Fig 8. Effects of proteasome inhibitors MG132, epoxomicin and carfilzomib on OATP1B3-mediated transport and total ubiquitin-conjugated proteins in HEK293 stable cell lines.

HEK293-OATP1B3 cells were seeded at a density of 1.2 x 10⁵ cells/well in 24-well plates and cultured to confluence. (A) Model-estimated fold change and associated SE in [³H]CCK-8 accumulation (1 μM, 3 min) in HEK293-OATP1B3 cells pretreated with MG132 (10 μM), epoxomicin (50 nM) and carfilzomib (200 nM) for 2 h vs. vehicle control (CTL) pretreatment.
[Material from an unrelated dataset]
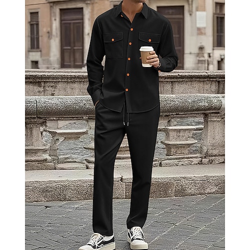 Per uomo Tuta da Ginnastica Maglietta Camicie e pantaloni Impostato Bavero All'aperto Vacanza Quotidiano Coulisse Tasca Semplice Nero Cachi Verde militare Abbigliamento sportivo Sport Moda Autunno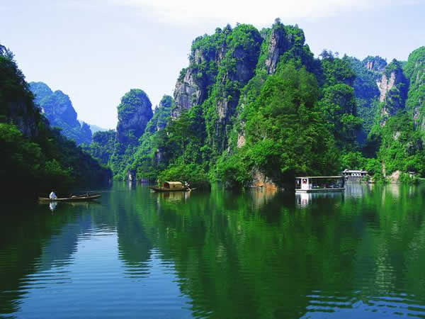 寶峰湖瀑布 湖中有兩座疊翠小島,近岸奇峰屹立,峰回水轉(zhuǎn)。泛舟漫游,只見一湖綠水半湖倒影,充滿詩(shī)情畫意!霸铺萑f丈上天臺(tái),高峽平湖一鑒開,王母瑤池金扶,浣沙仙女下凡來”游寶峰湖,你就會(huì)欣賞到這樣的詩(shī)情畫意。群峰擁抱的寶峰湖,長(zhǎng)約2.,5公里,湖猶如一面寶鏡,四面青山,一泓碧水,蕩槳溫游,格外愜意。坐在船上,環(huán)顧四周,千山聳翠,俯視水中,倒影慢移,碧水照相館得群峰綠,人面桃花水映紅。真是靜極了,美極了!韓劇《九天洞》拍攝的湖水就是寶峰湖。

Fold changes and SE were estimated by linear mixed effects models, as described in the “Data Analysis” section (n = 3 in triplicate). To account for multiple comparisons, p-values were adjusted based on the Bonferroni method. * indicates a statistically significant difference (adjusted p<0.05) vs. CTL. (B) Immunoblot of ubiquitin was conducted in whole cell lysates of HEK293-OATP1B3 cells pretreated with MG132 (10 μM), epoxomicin (50 nM) and carfilzomib (200 nM) or vehicle control for two hours. β-actin served as the loading control for the whole cell lysates.